## DATA BLOCK

▬▬▬▬▬▬

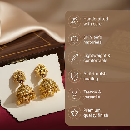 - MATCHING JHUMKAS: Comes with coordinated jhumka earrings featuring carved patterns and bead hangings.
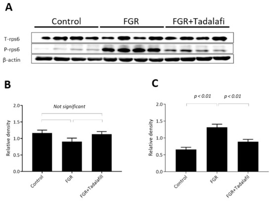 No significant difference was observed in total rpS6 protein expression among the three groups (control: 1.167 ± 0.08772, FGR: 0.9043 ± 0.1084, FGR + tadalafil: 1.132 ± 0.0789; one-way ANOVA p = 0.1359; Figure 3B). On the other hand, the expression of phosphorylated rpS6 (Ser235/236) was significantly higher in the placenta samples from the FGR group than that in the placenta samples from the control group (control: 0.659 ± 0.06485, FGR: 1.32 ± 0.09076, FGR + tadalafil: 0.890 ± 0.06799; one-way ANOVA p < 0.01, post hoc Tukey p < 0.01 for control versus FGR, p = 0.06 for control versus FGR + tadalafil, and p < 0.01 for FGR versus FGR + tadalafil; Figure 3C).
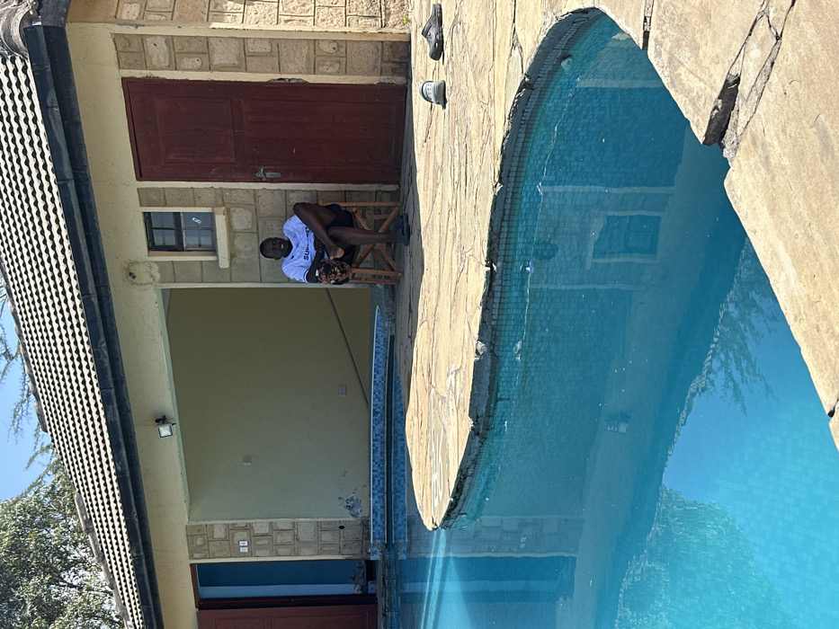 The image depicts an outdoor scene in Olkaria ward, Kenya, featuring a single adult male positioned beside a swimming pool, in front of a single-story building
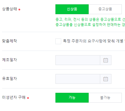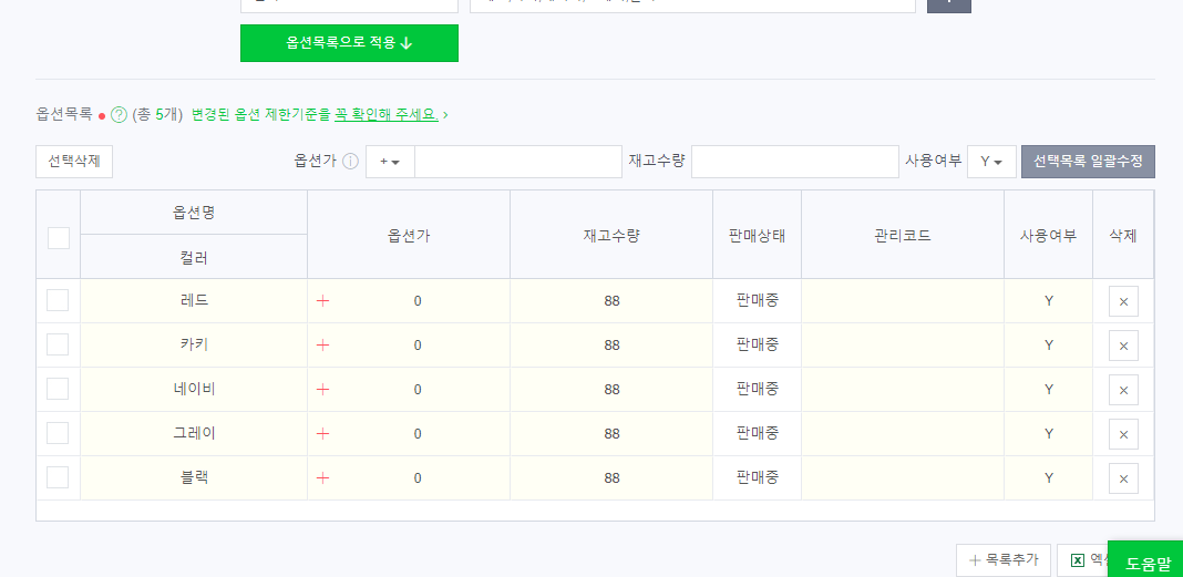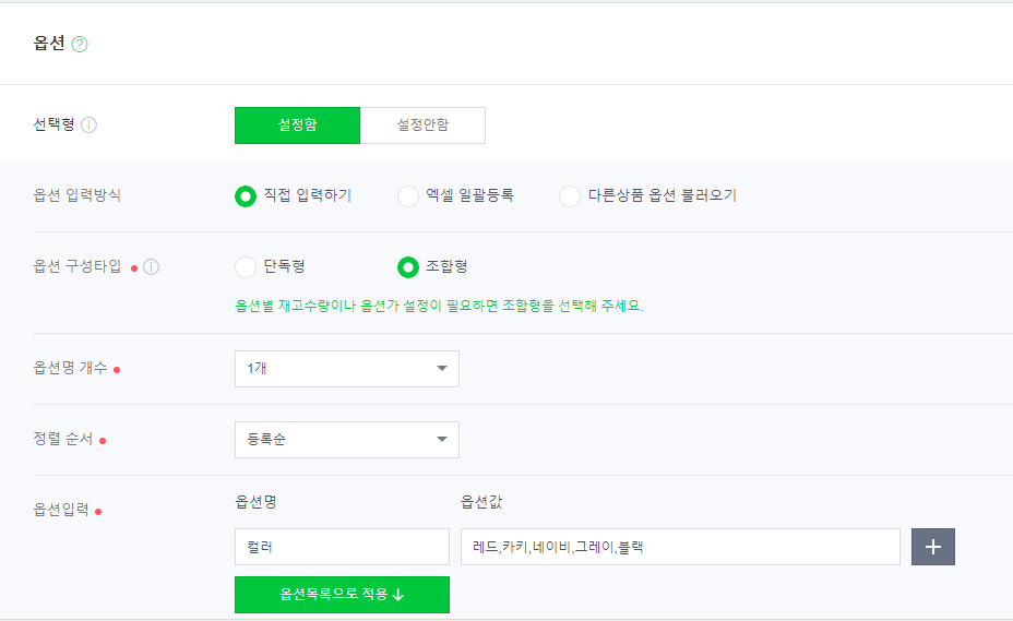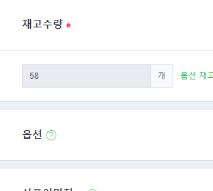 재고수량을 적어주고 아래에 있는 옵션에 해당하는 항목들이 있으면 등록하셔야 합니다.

▬▬▬▬▬▬

## ACTIVITY
Reproduce the entire listing above precisely, but keep the images out.

## EXERCISE RESULT
 - MATCHING JHUMKAS: Comes with coordinated jhumka earrings featuring carved patterns and bead hangings.
 No significant difference was observed in total rpS6 protein expression among the three groups (control: 1.167 ± 0.08772, FGR: 0.9043 ± 0.1084, FGR + tadalafil: 1.132 ± 0.0789; one-way ANOVA p = 0.1359; Figure 3B). On the other hand, the expression of phosphorylated rpS6 (Ser235/236) was significantly higher in the placenta samples from the FGR group than that in the placenta samples from the control group (control: 0.659 ± 0.06485, FGR: 1.32 ± 0.09076, FGR + tadalafil: 0.890 ± 0.06799; one-way ANOVA p < 0.01, post hoc Tukey p < 0.01 for control versus FGR, p = 0.06 for control versus FGR + tadalafil, and p < 0.01 for FGR versus FGR + tadalafil; Figure 3C).
 The image depicts an outdoor scene in Olkaria ward, Kenya, featuring a single adult male positioned beside a swimming pool, in front of a single-story building
 재고수량을 적어주고 아래에 있는 옵션에 해당하는 항목들이 있으면 등록하셔야 합니다.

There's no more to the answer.